GOAL OF THE EXERCISE:
With the images excluded, set down every line of the listing below exactly.

SUPPLIED INFORMATION:
[Start of section]

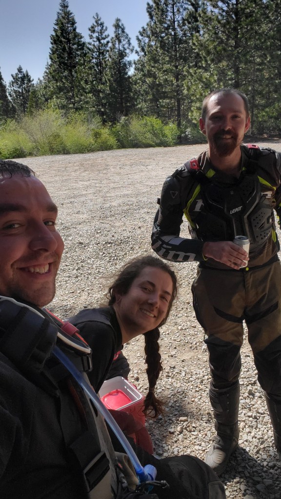 1 bleeding finger, a broken chain tool, and a few hours later, Annie and her fresh chain and rear sprocket, our friend Kelly on his same-era CRF450r, a re-geared borrowed 450x, and I drive the hour away into the mountains to ride single track.
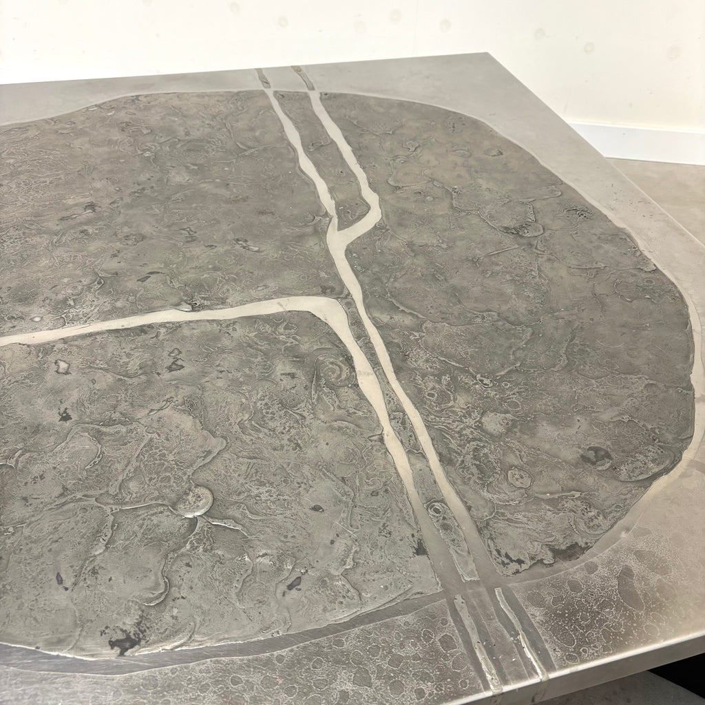 Wooden base with stainless steel table top. Table top has been etched and covered with tin.
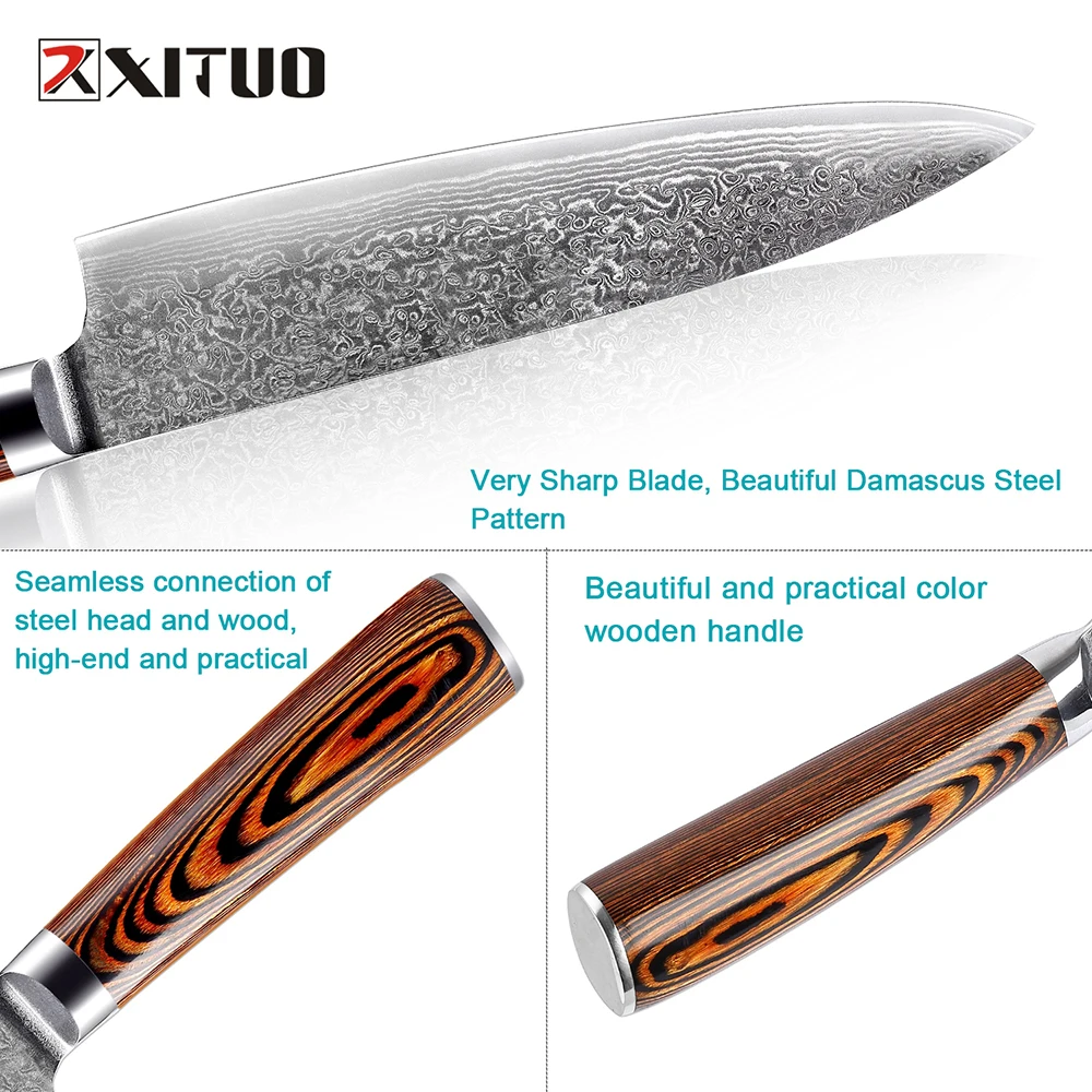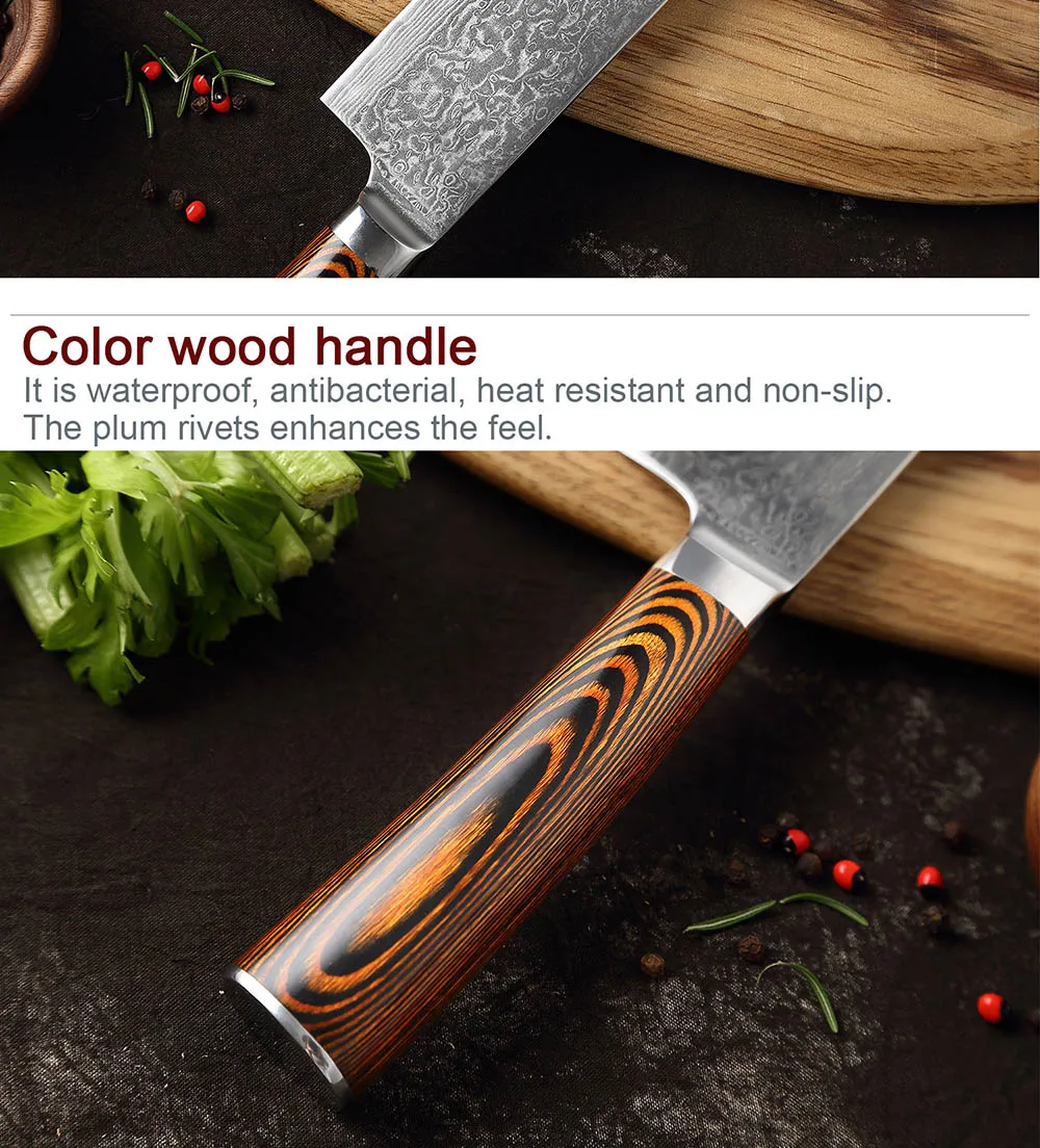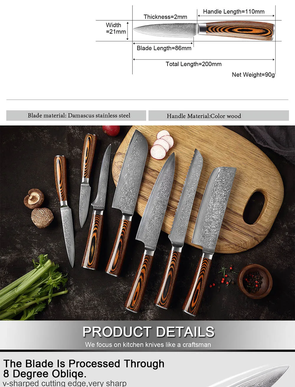 Набор кухонных ножей из дамасской стали, с деревянной ручкой, 3 шт.

[End of section]

EXERCISE RESPONSE:
 1 bleeding finger, a broken chain tool, and a few hours later, Annie and her fresh chain and rear sprocket, our friend Kelly on his same-era CRF450r, a re-geared borrowed 450x, and I drive the hour away into the mountains to ride single track.
 Wooden base with stainless steel table top. Table top has been etched and covered with tin.
 Набор кухонных ножей из дамасской стали, с деревянной ручкой, 3 шт.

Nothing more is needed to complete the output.